Decoding Loss Functions: Categorical Cross Entropy vs Sparse Categorical Cross Entropy

Categorical Cross Entropy and Sparse categorical Cross Entropy are loss functions used for classification tasks. The choice depends on the format of the label data.

If the labels are one-hot encoded, categorical cross entropy is used.

If the labels are integers, sparse categorical cross entropy is used. There is a small caveat in how this function is used. If you check the documentation, there is an argument from_logits, we will how that works later in this post.

Let's see them in action.

Data Preparation

input_x = np.array([[10], [7], [8], [9]])
labels = list(range(4)) # [0, 1, 2, 3] # For Sparse Categorical Cross Entropy
labels_one_hot = tf.one_hot(labels, len(labels)) # For Categorical Cross Entropy
# [[1., 0., 0., 0.],
# [0., 1., 0., 0.],
# [0., 0., 1., 0.],
# [0., 0., 0., 1.]]

Model with Softmax Activation

I will create a model with one input and one output layer, where the output layer will have four nodes with a softmax activation. Additionally the model will be initialized weights and biases with ones for consistency in reproducing the loss value.

model_with_softmax = Sequential()
model_with_softmax.add(Dense(units=4, kernel_initializer=tf.ones, bias_initializer=tf.ones, activation='softmax', input_shape=(1, )))
model_with_softmax.summary()

Now let's get the output from the model and calculate the loss value using categorical cross entropy.

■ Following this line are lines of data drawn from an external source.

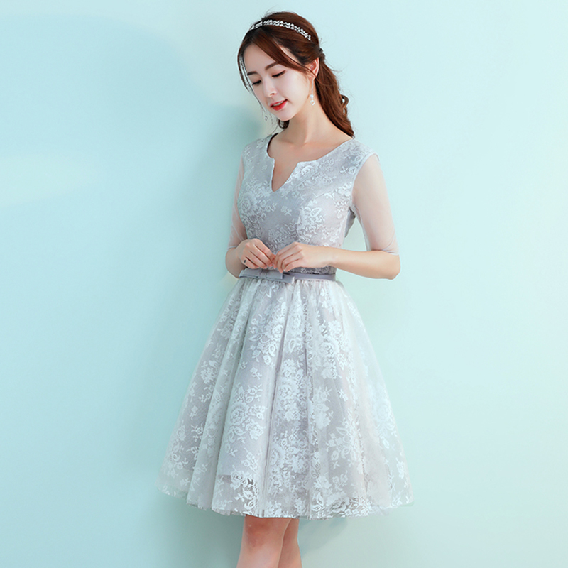 2017新款伴娘團(tuán)禮服短款姐妹裙韓版灰色姐妹團(tuán)畢業(yè)禮服246
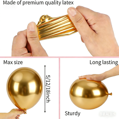 Balony lateksowe, które oferujemy do zestawu girland balonowych z dziurką, wykonane są w 100% z naturalnego lateksu, importowanego z Azji Południowo-Wschodniej. Ich rozmiary to 5 cali, 10 cali, 12 cali i 18 cali. Układając je w różnych rozmiarach, można stworzyć atrakcyjny efekt warstwowy.
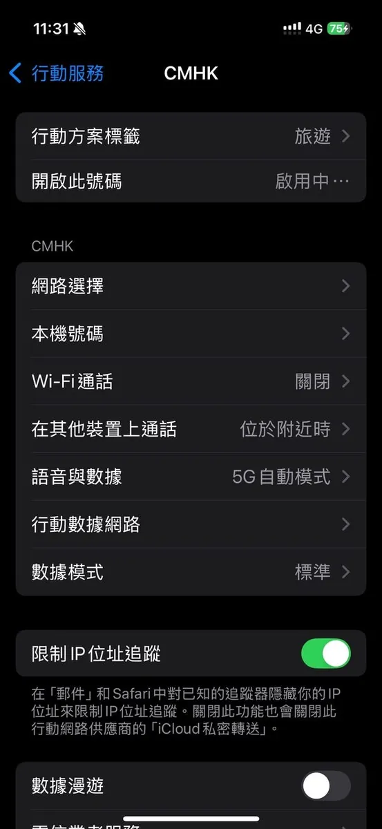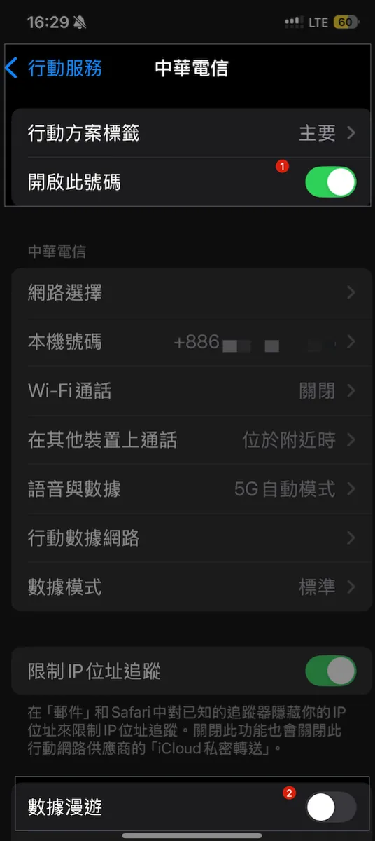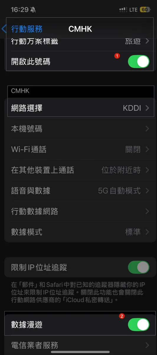 特に事前に対処したネットワークの問題は二つあります。まず一つ目は、私の中華電信のローミング機能がオフになっているため、ローミングプランを直接購入できません。そのため、念のために中華電信に電話してローミング機能を解除してもらいました。

output_with_softmax = model_with_softmax(input_x)
print(output_with_softmax)  # tf.Tensor(
                            #[[0.25 0.25 0.25 0.25]
                            #[0.25 0.25 0.25 0.25]
                            #[0.25 0.25 0.25 0.25]
                            #[0.25 0.25 0.25 0.25]], shape=(4, 4), dtype=float32)

If you know how softmax function works, the output should make sense to you.

Categorical Cross Entropy

categorical_error = CategoricalCrossentropy()
categorical_error(labels_one_hot, output_with_softmax).numpy()
#Output : 1.3862944>

We pass one hot encoded target and output from the model to calculate the loss value.

Sparse Categorical Cross Entropy

Now we will calculate the loss from Sparse Categorical Cross Entropy and see if the loss value matches with that of Categorical Cross Entropy.

We pass the targets in the form of integer and output from the model to calculate the loss.

sparse_error_with_softmax = SparseCategoricalCrossentropy(from_logits=False)
sparse_error_with_softmax(labels, output_with_softmax).numpy()
# Output : 1.3862944

Note that we used from_logits=False. Why is that?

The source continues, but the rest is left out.